■ **Dataset excerpts**:
+--

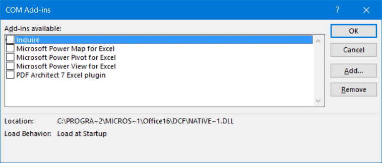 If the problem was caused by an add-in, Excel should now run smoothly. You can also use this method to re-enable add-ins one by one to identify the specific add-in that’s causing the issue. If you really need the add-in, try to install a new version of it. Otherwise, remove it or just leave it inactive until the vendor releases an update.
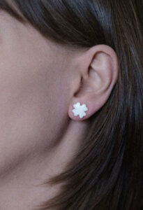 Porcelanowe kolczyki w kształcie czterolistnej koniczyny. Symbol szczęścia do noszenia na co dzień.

+--

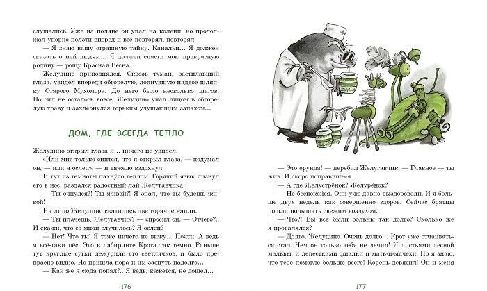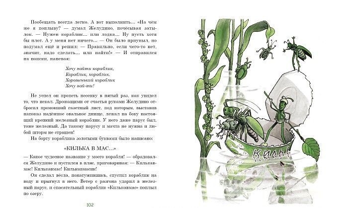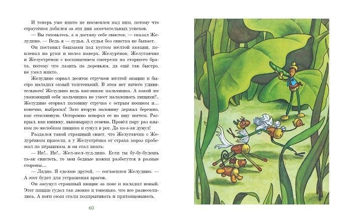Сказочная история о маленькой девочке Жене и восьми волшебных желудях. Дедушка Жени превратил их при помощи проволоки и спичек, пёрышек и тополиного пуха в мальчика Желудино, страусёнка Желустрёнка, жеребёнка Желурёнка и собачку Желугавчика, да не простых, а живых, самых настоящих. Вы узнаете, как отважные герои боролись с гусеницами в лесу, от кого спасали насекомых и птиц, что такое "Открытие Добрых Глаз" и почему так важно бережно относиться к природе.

+--

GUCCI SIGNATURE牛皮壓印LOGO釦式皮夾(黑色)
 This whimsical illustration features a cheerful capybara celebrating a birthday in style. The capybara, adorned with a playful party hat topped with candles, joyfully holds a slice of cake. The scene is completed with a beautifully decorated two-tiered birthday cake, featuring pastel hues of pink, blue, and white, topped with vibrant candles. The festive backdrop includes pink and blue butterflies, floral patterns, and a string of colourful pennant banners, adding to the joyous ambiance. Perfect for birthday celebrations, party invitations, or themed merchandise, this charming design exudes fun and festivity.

+--

■ **Description of the task**:
All that should be printed is the run of lines above from the one with "If the problem" through the one with "Porcelanowe kolczyki w", both included, exactly as given, with pictures left out.

■ **Result of the task**:
 If the problem was caused by an add-in, Excel should now run smoothly. You can also use this method to re-enable add-ins one by one to identify the specific add-in that’s causing the issue. If you really need the add-in, try to install a new version of it. Otherwise, remove it or just leave it inactive until the vendor releases an update.
 Porcelanowe kolczyki w kształcie czterolistnej koniczyny. Symbol szczęścia do noszenia na co dzień.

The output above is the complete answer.